Kalkrand Village Council fails to improve (cont.)

As mentioned in the previous edition, for the financial years 2010, 2011 and 2012, the Auditor-General could not express an audit opinion on Kalkrand Village Council’s financial statements and position, because its books were still in such a mess.
The financial position, capital expenditure, trade accounts, current assets versus current liabilities and contributions from Government were discussed last week, including two of the reasons why the AG had to disclaim his opinion on the council’s financial statements and position.

Here are the rest of the reasons for the disclaimer:

Trade receivables
The report states the following:
No list of trade receivables was available for audit purposes.
The auditors are of the opinion that the provision for bad debts was understated by N$494 695 (2012).
No information regarding the Build Together Fund could be provided for audit purposes.

The inhabitants of the village are its heartbeat. They should be provided with proper and correct service bills and records.
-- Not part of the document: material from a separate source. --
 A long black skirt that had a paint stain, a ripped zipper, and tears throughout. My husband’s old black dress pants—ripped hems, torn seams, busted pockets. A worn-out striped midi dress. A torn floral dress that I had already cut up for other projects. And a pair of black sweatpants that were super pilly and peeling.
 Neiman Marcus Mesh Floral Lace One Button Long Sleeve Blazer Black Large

If the council has no control over who owes what and sends out wrong bills, people will be hesitant to pay their dues.
Record-keeping is extremely important and how difficult can it be? Take the water and electricity meter readings, work out the debt and charge the consumers for these, as well as other services rendered. Payments must be identified and credited to the consumer (who made the payment)’s account.
Proper records relating to the Build Together project are also important in ensuring that those who received loans to build houses pay their dues on time.

Trade and other payables
The auditors found that:
No reconciliations of trade and other receivables were available for audit purposes.
No records for the provision of leave were available at the Village Council.

Without such records, the auditors were unable to confirm the correctness of the amounts reflected in the balance sheet.
Expenditure vouchers must be worked through for the first three months after year end to determine any invoices, which relate to the previous financial year. These invoices must then be listed and brought to account as creditors. The list serves as a supporting voucher for audit purposes.
Leave records must also be kept accurately to ensure that staff does not exceed the approved annual leave allocation. Leave credit must be calculated with the relevant remuneration to make provision in the financial statements.
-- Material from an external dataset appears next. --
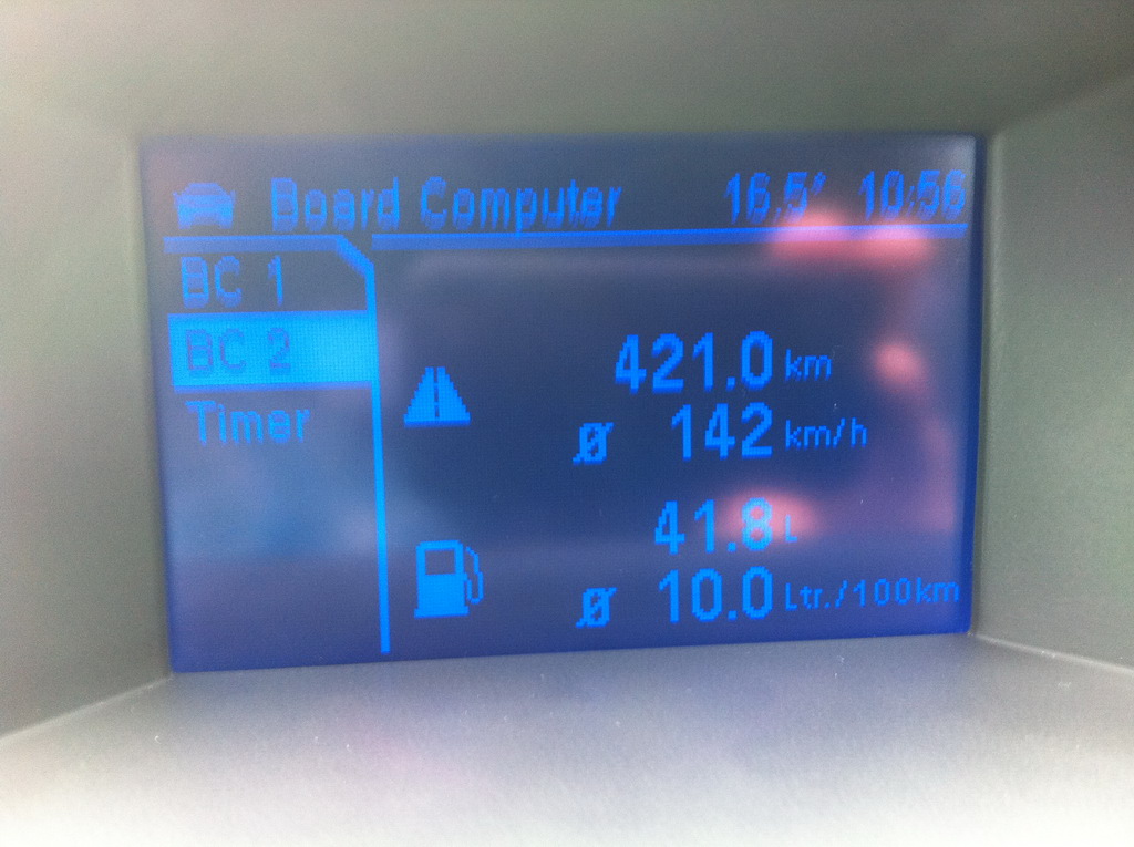 Před odjezdem na dovolenou jsem dotankoval nádrž do plna, dle propočtu jsem předtím ujel 480 km se spotřebou 5,93 l/100. Většinou kratší trasy do 20 km, město a okresky, sem tam klima. Parádní výsledek

The auditors found that the investments reflected in the financial statements had been overstated by N$288 883.

The council should obtain confirmation of all investments held at financial institutions at the end of each financial year and adjust its balances in the general ledger accordingly. This would help avoid any difference between their records and those of the council.

Bank and cash
The bank balance on the balance sheet reflects an unfavourable balance of 
N$629 078. The bank statements reflect a favourable balance of N$295 258.
No bank reconciliations could be provided for audit purposes and the auditors were unable to verify the correctness and completeness of the bank balance recorded in the balance sheet.
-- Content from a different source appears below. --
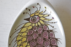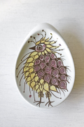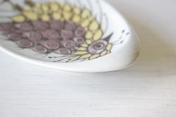 こちらは、1958年からアルミニアが女性デザイナーを起用して製作していたテネラのシリーズになります。デザイナーはBeth Breyen。イエローの可愛らしい鳥が描かれています。小さなサイズなので、お醤油入れやまたティーパックを置いたりといろいろお使いいただけそうですね。
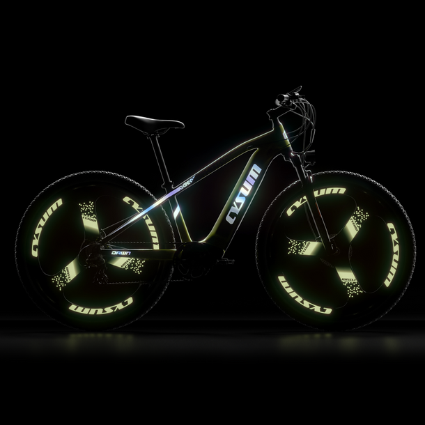 Der Rahmen und die Räder fluoreszieren nachts, sodass Sie nachts besser sichtbar sind.

The cash-book balance must be reconciled with the balance reflected on the bank statements each and every month to ensure all the transactions for the month have been properly recorded. Without such reconciliations, the council is at risk of having mistakes or any irregularities going through unnoticed for long periods of time.

Salaries and wages
Salaries and wages were overstated by N$373 564 in the financial statements.

Although this issue was not mentioned as reason for the disclaimed audit opinion, it still appears to be a material amount, which should have been included in the reasons. Unfortunately, the report does not elaborate on the reasons of the misrepresentation, but it is important for the council to ensure the amounts reflected on the payroll agree with the figures shown in the general ledger.

Income and expenses
Income and expenses could not be verified due to a lack of supporting documentation.

This is unheard of. How is it possible that payments are not filed in cheque number order together with the relevant invoices and other documentation? How can one receive revenue without issuing a proper receipt and refer this to the relevant invoice or other documentation? A course on record filing seems to be extremely necessary at the council.

VAT and P.A.Y.E
No P.A.Y.E. returns were submitted to the Directorate: Inland Revenue. No provision has been made in the financial statements for outstanding P.A.Y.E.
Included in trade and other payables is an amount of N$592 505 (2012) for VAT payable. Due to a lack of supporting documentation, the auditors were unable to verify the accuracy of this amount.

One wonders how the staff will be able to fill in their income tax returns if they do not receive a P.A.Y.E certificate from the council. These certificates have to be reconciled with the amounts paid to the Receiver of Revenue by the council during the year.
VAT records need to be reconciled with the invoices from the Receiver of Revenue and any corrections need to be effected before year-end. This issue was raised by the auditors but not included as one of the reasons for the disclaimed audit opinion.
The above-mentioned shortfalls are based on AG’s 2012 report but most also apply to the other financial years under review.